▶ **SOURCE MATERIAL**:
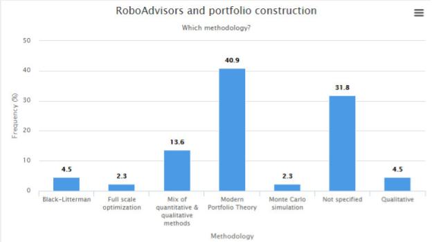 The algorithms used by these robo-advisor companies are proprietary, but most robo-advisors use Modern Portfolio Theory in their calculations. Raffaele Zenti collected data from around 50 robo-advisors and summarized his findings in the following chart taken from his LinkedIn blog post.
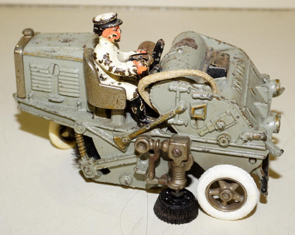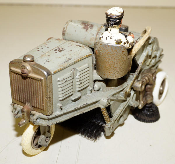 8.5" long, mostly original paint about 80%, looks like some replaced parts, the wheels and the side scrubber, Driver might be a replacement too; overall a really great looking and impressive cast iron toy
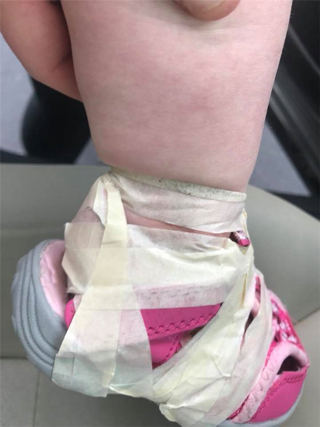 ▼從照片中可以看到,孩子的鞋子上纏了好幾層膠帶,並且還繞過鞋子在腳踝的皮膚上固定,明顯可以看到勒的很緊,別說媽媽看了很崩潰,誰看了都很揪心。
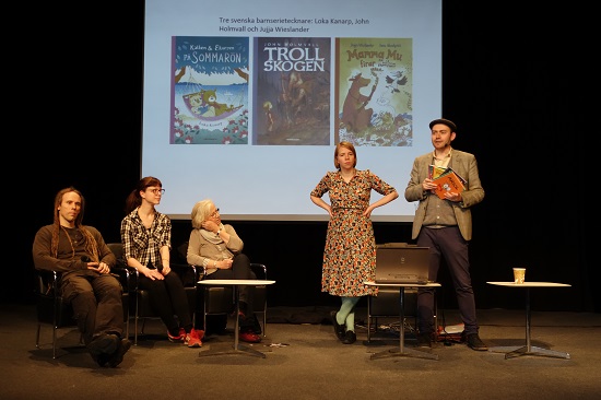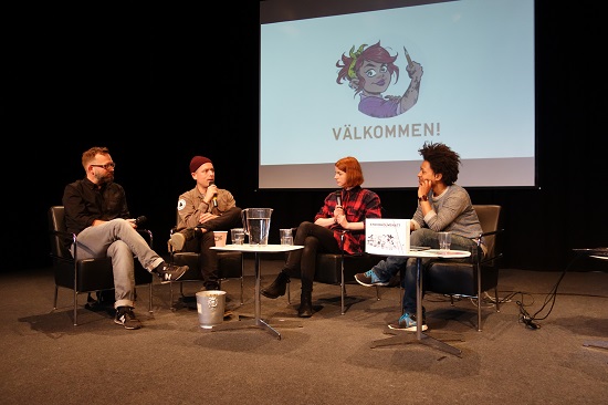 Ellen Ekmans (andre f.h.) serie om hipstermiljøet i Sverige, Lilla Berlin, er etter hvert ganske godt kjent også i Norge. Ekman sier selv at byen der serien foregår er en amalgam av mange svenske storbyer. Derimot er det ingen tvil om hvor serien Stockholmsnatt – også den med et urbanist/hipstertema – er ment å foregå. Serien går i Svenska Dagbladet hver fredag, og feirer ti års jubileum med en komplett samlebok. Stefan Thungren (andre f.v.) skriver serien mens Pelle Forshed (første f.v.) tegner.
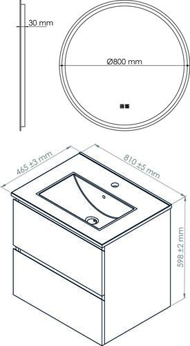 - Livré avec miroir LED Louxor ø80 avec cadre contours sablés.

▶ **WHAT IS REQUIRED**: Before duplicating the entries above, strip out the pictures and keep the rest exact.

▶ **EXERCISE ANSWER**:
 The algorithms used by these robo-advisor companies are proprietary, but most robo-advisors use Modern Portfolio Theory in their calculations. Raffaele Zenti collected data from around 50 robo-advisors and summarized his findings in the following chart taken from his LinkedIn blog post.
 8.5" long, mostly original paint about 80%, looks like some replaced parts, the wheels and the side scrubber, Driver might be a replacement too; overall a really great looking and impressive cast iron toy
 ▼從照片中可以看到,孩子的鞋子上纏了好幾層膠帶,並且還繞過鞋子在腳踝的皮膚上固定,明顯可以看到勒的很緊,別說媽媽看了很崩潰,誰看了都很揪心。
 Ellen Ekmans (andre f.h.) serie om hipstermiljøet i Sverige, Lilla Berlin, er etter hvert ganske godt kjent også i Norge. Ekman sier selv at byen der serien foregår er en amalgam av mange svenske storbyer. Derimot er det ingen tvil om hvor serien Stockholmsnatt – også den med et urbanist/hipstertema – er ment å foregå. Serien går i Svenska Dagbladet hver fredag, og feirer ti års jubileum med en komplett samlebok. Stefan Thungren (andre f.v.) skriver serien mens Pelle Forshed (første f.v.) tegner.
 - Livré avec miroir LED Louxor ø80 avec cadre contours sablés.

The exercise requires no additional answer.